- PROVIDED RECORDS
%%

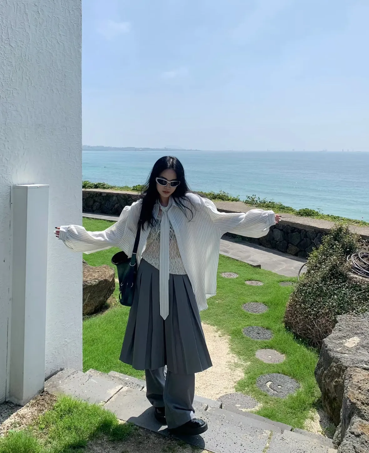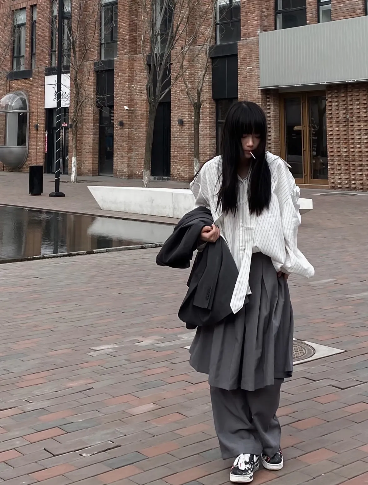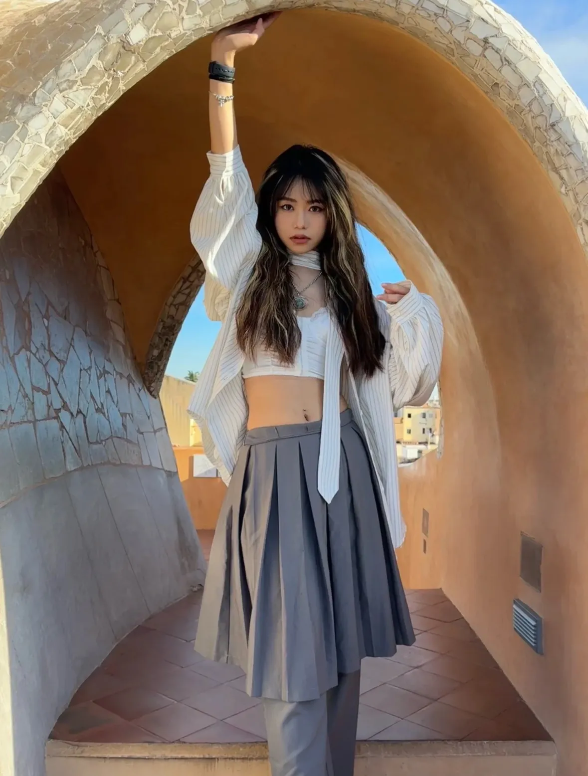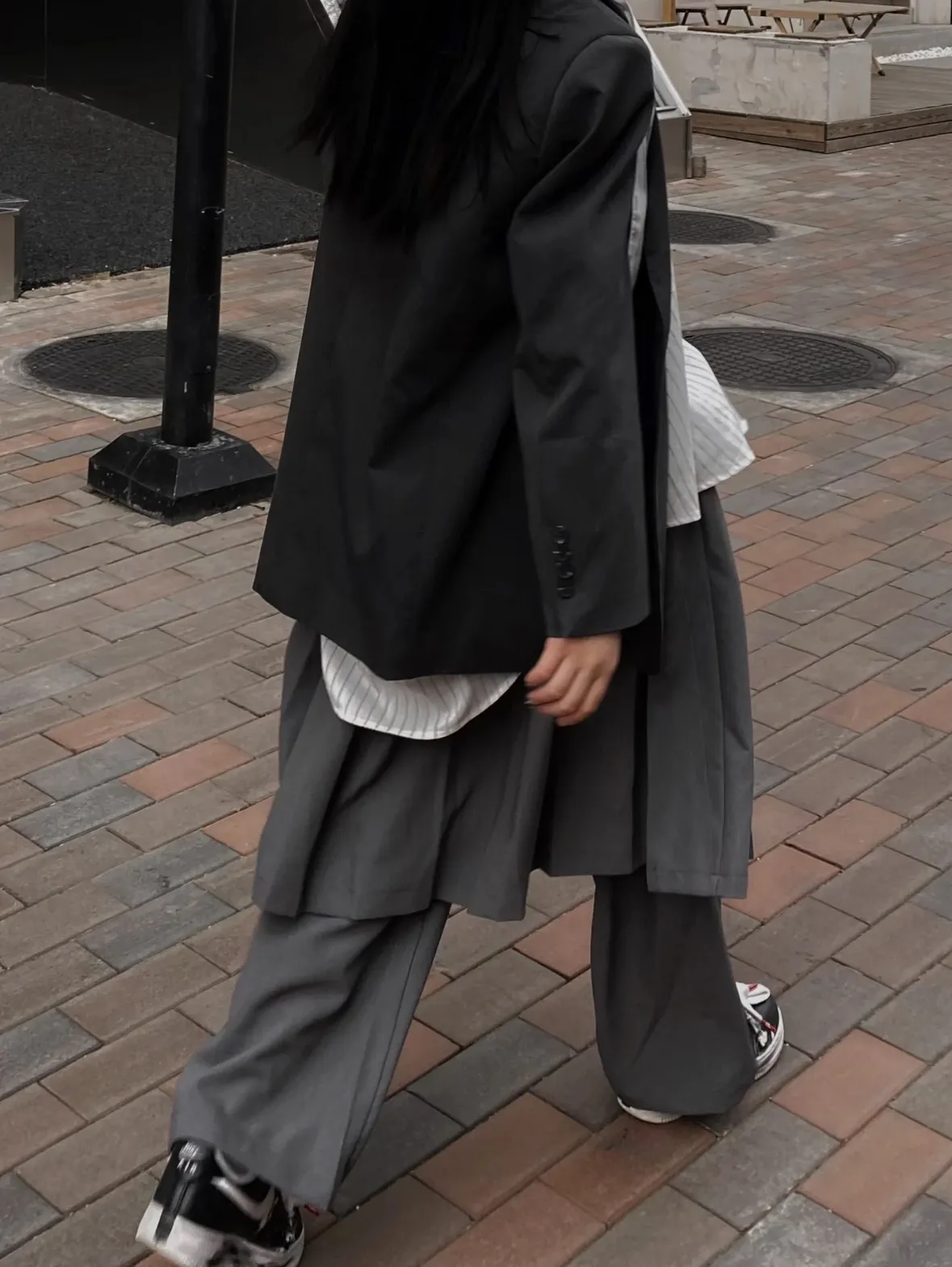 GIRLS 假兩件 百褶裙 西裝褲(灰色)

%%
%%

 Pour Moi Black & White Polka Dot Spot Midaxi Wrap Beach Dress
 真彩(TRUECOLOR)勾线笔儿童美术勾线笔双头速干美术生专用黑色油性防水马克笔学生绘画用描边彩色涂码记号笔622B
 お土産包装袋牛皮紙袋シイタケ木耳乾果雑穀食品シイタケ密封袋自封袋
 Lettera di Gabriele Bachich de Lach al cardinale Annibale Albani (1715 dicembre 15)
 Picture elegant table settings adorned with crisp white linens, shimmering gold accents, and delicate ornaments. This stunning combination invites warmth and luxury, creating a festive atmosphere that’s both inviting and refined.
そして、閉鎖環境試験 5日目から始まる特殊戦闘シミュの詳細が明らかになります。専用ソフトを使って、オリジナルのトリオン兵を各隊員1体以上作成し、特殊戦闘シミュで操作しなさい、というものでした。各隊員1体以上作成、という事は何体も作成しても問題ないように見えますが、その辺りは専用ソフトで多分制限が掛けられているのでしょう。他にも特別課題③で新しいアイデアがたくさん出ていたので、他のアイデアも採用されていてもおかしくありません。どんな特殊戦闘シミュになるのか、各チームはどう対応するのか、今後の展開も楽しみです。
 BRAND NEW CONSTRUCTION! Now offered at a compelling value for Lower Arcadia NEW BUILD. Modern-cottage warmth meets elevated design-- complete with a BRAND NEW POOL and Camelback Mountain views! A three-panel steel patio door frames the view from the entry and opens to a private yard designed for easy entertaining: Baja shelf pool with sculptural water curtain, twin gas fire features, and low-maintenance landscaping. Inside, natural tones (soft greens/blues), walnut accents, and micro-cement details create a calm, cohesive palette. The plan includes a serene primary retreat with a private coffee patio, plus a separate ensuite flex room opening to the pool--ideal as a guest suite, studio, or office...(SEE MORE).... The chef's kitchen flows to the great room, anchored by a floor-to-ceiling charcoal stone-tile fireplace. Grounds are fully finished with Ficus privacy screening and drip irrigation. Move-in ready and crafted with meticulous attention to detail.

%%

- WHAT IS REQUIRED
Out of the listing above, reproduce exactly the lines from the one with "真彩(TRUECOLOR)勾" up to and including the one with "そして、閉鎖環境試験 5日目".

- SOLUTION TO THIS EXERCISE
 真彩(TRUECOLOR)勾线笔儿童美术勾线笔双头速干美术生专用黑色油性防水马克笔学生绘画用描边彩色涂码记号笔622B
 お土産包装袋牛皮紙袋シイタケ木耳乾果雑穀食品シイタケ密封袋自封袋
 Lettera di Gabriele Bachich de Lach al cardinale Annibale Albani (1715 dicembre 15)
 Picture elegant table settings adorned with crisp white linens, shimmering gold accents, and delicate ornaments. This stunning combination invites warmth and luxury, creating a festive atmosphere that’s both inviting and refined.
そして、閉鎖環境試験 5日目から始まる特殊戦闘シミュの詳細が明らかになります。専用ソフトを使って、オリジナルのトリオン兵を各隊員1体以上作成し、特殊戦闘シミュで操作しなさい、というものでした。各隊員1体以上作成、という事は何体も作成しても問題ないように見えますが、その辺りは専用ソフトで多分制限が掛けられているのでしょう。他にも特別課題③で新しいアイデアがたくさん出ていたので、他のアイデアも採用されていてもおかしくありません。どんな特殊戦闘シミュになるのか、各チームはどう対応するのか、今後の展開も楽しみです。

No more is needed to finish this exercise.